I do have stuff to figure out. But he chose the most hurtful way to let me know.
Ale throws his head back and sighs, but it might as well be a grunt. “I think we can get back together, just…with no plans. Let’s see where it goes this time. It’ll be good for us. You see it, right?”
That question. That’s the question that makes me see red. He’s only starting to find himself. He wants to see where this goes. And I’m starting to realize that maybe this is not what I want after all.
“I’m sorry, I don’t.”
To hell with the article. To hell with the last few months.
To hell with everything. Love isn’t supposed to feel like this.
It’s not supposed to make me feel insecure.
Love is supposed to be an anchor, to make me feel safe and sound and protected.
That’s what I’ve always wanted. Someone I can trust, someone I can rely on.

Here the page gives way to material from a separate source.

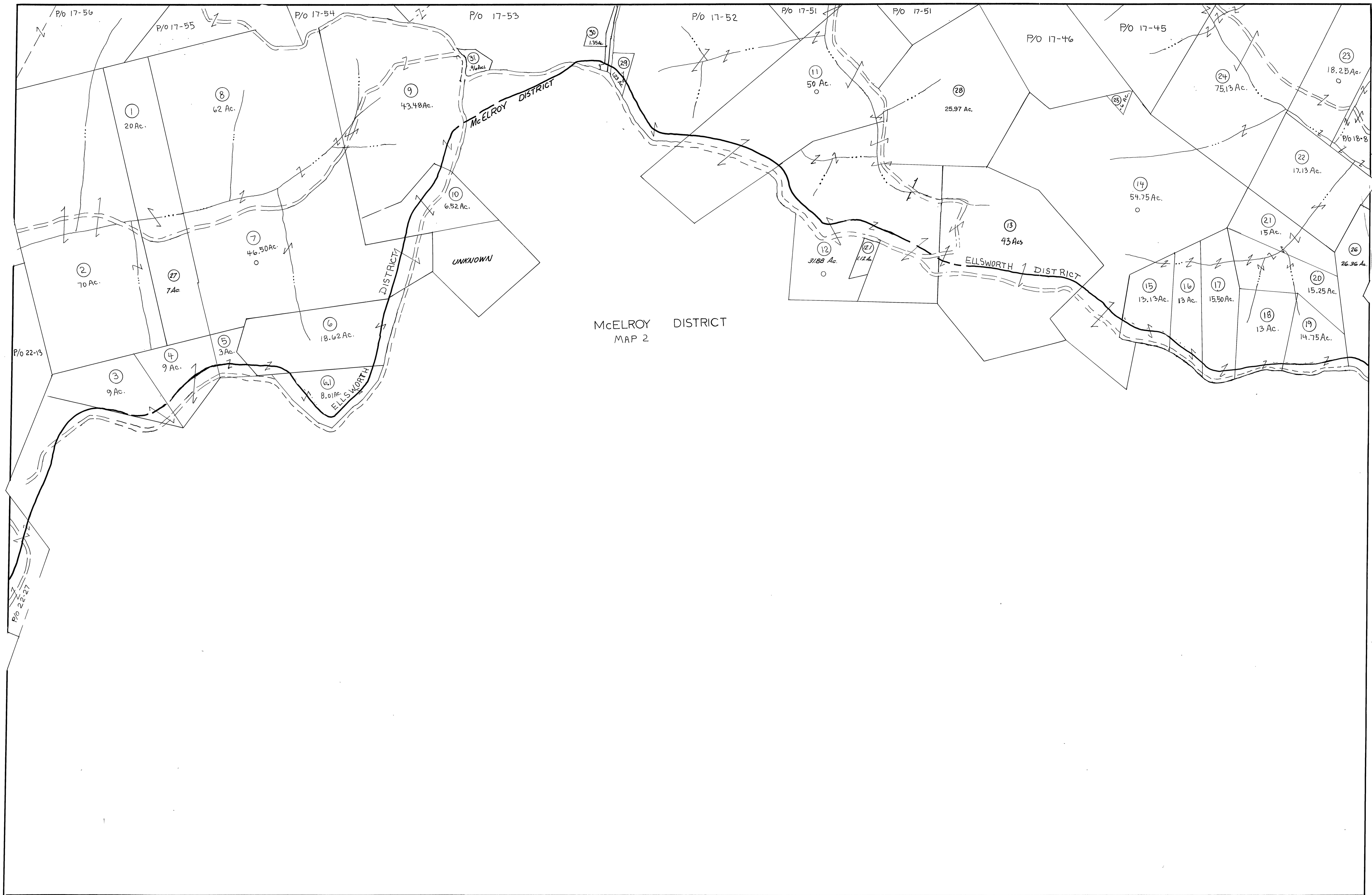
McELROY DISTRICT MAP 2

Alejandro is not my anchor anymore, he’s the storm.
And yet, as I see his confused expression, I can’t help but feel conflicted. A part of me still cares about him, despite everything. But another part wants to scream and push him away.
“What are you saying?” he asks.
“I’m saying I don’t want to get back together.” I expect the words to shatter me, to break me further, but they don’t. As soon as they’re out of my lips, a huge weight is lifted off my shoulders. It’s true, I don’t want to get back together.
“Marianto—”
“You obviously have things to figure out. And, as you kindly pointed out, so do I.” I swallow. “It’s best if we do it on our own. No ambiguity.” Alejandro blinks, speechless. “Consider yourself free, okay?”
I down the rest of my drink, snatch my bag off the table, and march out of the restaurant into the chilly night.
Anxiety is like a superpower. When I left my apartment, I didn’t know how tonight was going to end, so I predicted every possible outcome and prepared myself accordingly.
I think, on some level, even me finalizing the breakup was something I could see happening.
What I didn’t prepare myself for is the relief I feel as I leave the restaurant, glad I’m finally going home.